* GOAL OF THE EXERCISE
Using the records below, write out again exactly the lines that begin at the line containing "Marantz PM64II - Electrical" and end at the line containing "Network Box可以帮", and no other lines.
──────── INPUT RECORDS ────────
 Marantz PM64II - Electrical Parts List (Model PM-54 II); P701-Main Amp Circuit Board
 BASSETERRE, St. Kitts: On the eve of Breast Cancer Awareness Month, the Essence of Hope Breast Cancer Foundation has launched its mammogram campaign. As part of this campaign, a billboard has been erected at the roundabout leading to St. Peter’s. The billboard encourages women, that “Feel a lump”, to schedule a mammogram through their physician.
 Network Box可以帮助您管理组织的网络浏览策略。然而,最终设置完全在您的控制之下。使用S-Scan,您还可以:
────────
──────── INPUT RECORDS ────────
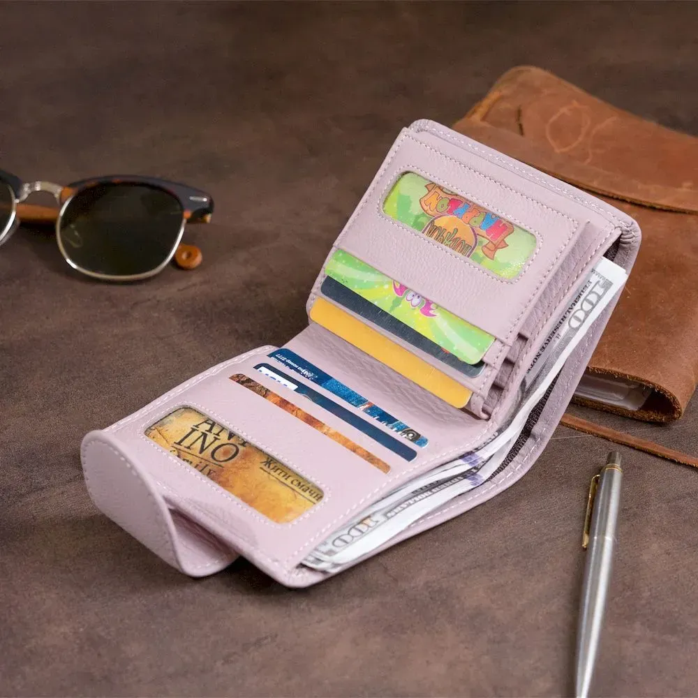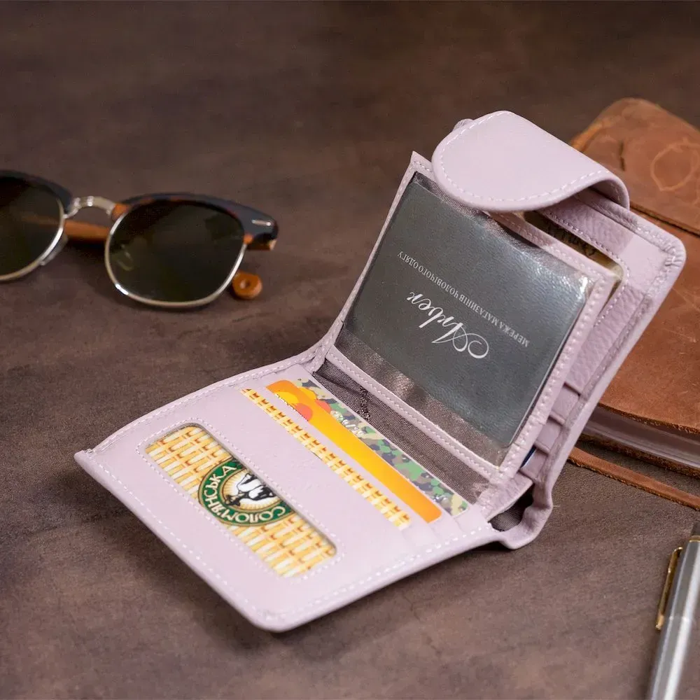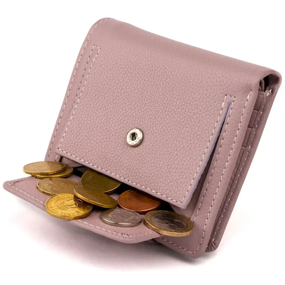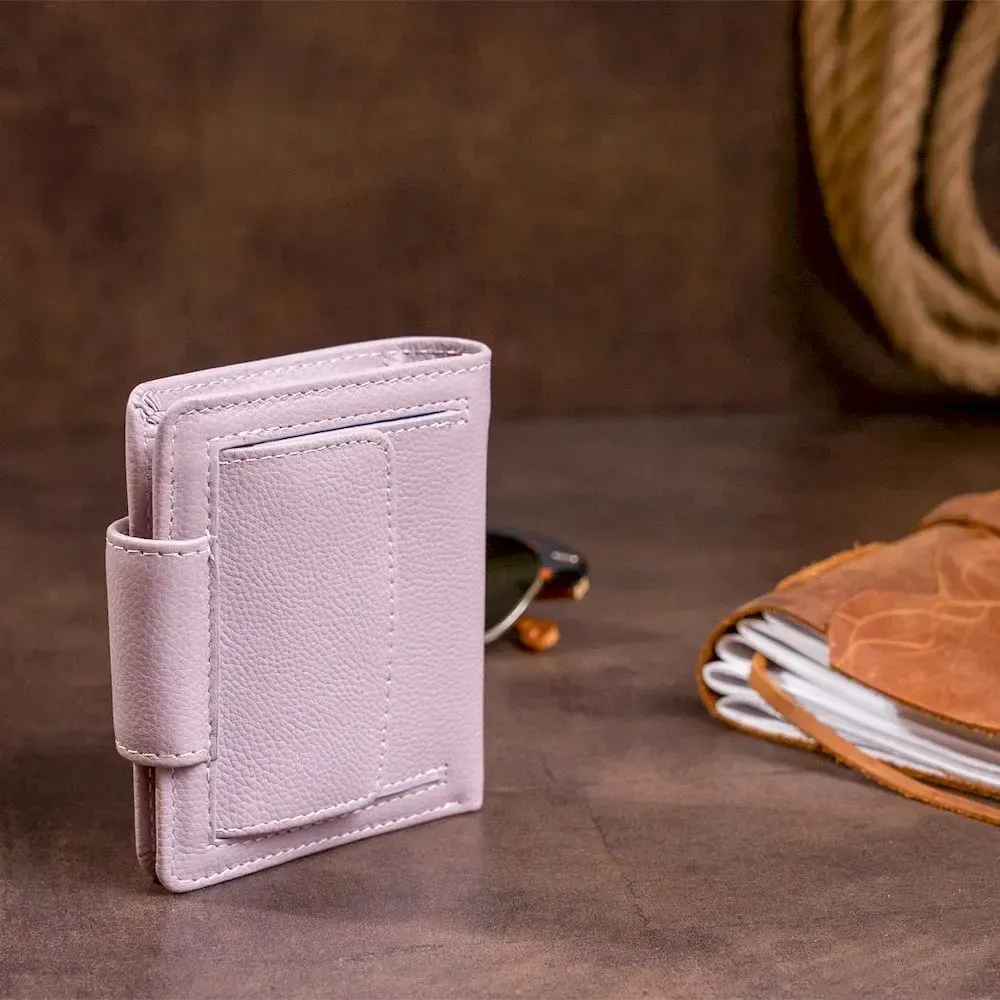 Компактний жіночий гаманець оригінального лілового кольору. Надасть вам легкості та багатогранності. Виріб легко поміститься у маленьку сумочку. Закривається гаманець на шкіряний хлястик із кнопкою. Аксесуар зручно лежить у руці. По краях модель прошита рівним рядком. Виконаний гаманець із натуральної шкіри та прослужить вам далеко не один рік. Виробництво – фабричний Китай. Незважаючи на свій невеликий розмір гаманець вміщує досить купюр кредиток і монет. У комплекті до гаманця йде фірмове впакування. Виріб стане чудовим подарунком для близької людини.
────────
──────── INPUT RECORDS ────────
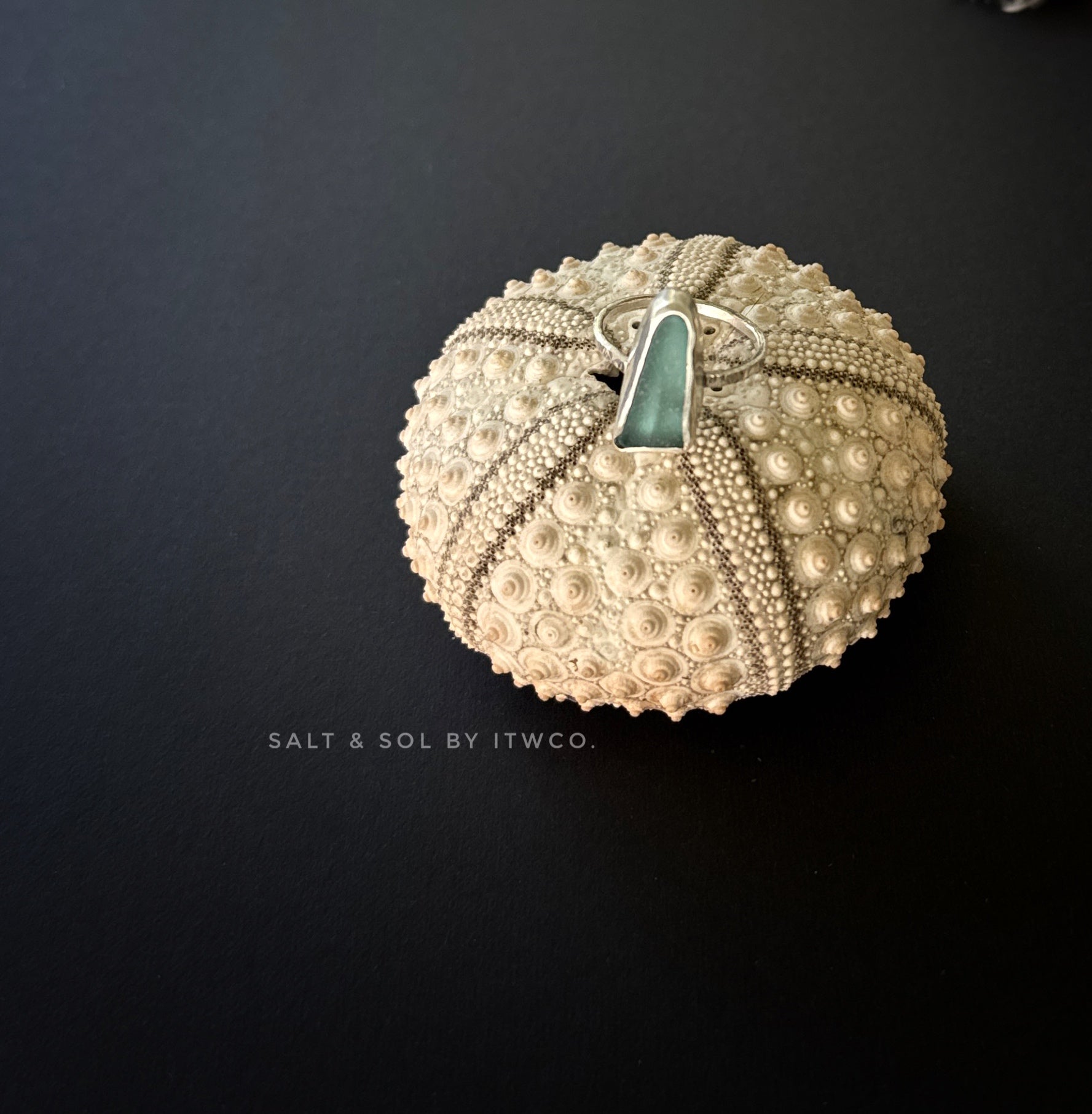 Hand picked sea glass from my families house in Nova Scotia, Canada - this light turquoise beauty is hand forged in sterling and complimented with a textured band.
────────
* OUTPUT BELOW
 Marantz PM64II - Electrical Parts List (Model PM-54 II); P701-Main Amp Circuit Board
 BASSETERRE, St. Kitts: On the eve of Breast Cancer Awareness Month, the Essence of Hope Breast Cancer Foundation has launched its mammogram campaign. As part of this campaign, a billboard has been erected at the roundabout leading to St. Peter’s. The billboard encourages women, that “Feel a lump”, to schedule a mammogram through their physician.
 Network Box可以帮助您管理组织的网络浏览策略。然而,最终设置完全在您的控制之下。使用S-Scan,您还可以:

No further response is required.